Teodoro Cano pasará a la historia como el propulsor del muralismo en Veracruz

  • Su mirada de lo local la expandió mediante el arte al concierto internacional, celebran sus alumnos 
  • Es una personalidad significativa para la institución, “una imagen que enorgullece a la Universidad”, pues en ella dejó un legado artístico, pero también una simiente, dijo la directora de Artes Plásticas

 

Karina de la Paz Reyes Díaz

 

La Justicia, en la Facultad de Derecho

Xalapa, Ver., 26 de abril de 2019.- Teodoro Cano García pasará a la historia como el propulsor del muralismo en Veracruz y aportar la simiente en la Universidad Veracruzana (UV), coincidieron quienes fueron sus alumnos. El oriundo de Papantla de Olarte, Veracruz, quizá el único de esta entidad que fue discípulo de Diego Rivera, es recordado por su afán de formar en esta corriente artística y, sobre todo, por una “intensa pasión” por la cultura Totonaca, misma que dejó plasmada en su obra.

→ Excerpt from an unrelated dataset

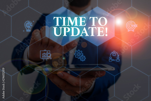 Wall mural writing note showing time to update. business concept for act updating something someone or updated  - Wall murals Wall mural writing note showing time to update. business concept for act updating something someone or updated - Wall murals

Nació el 29 de mayo de 1932 en El Zapote, municipio de Papantla; se formó como Maestro en Artes Plásticas en la Academia de San Carlos de la Universidad Nacional Autónoma de México, de 1947 a 1951, y mientras estudiaba allá fue discípulo de José Chávez Morado y Diego Rivera (este último, junto con David Alfaro Siqueiros y José Clemente Orozco son considerados los principales representantes del muralismo mexicano que prosperó a partir de 1920).

Además, fue director del Taller de Artes Plásticas de la UV en Xalapa, fundó y dirigió por alrededor de cuatro décadas los Talleres Libres de Arte (TLA) en su natal Papantla. En palabras de la directora de la Facultad de Artes Plásticas (FAP), Ana Gabriela Ramírez Lizárraga, Teodoro Cano es una personalidad significativa para la institución, “una imagen que enorgullece a la Universidad”, pues en ella dejó un legado artístico, pero también una simiente.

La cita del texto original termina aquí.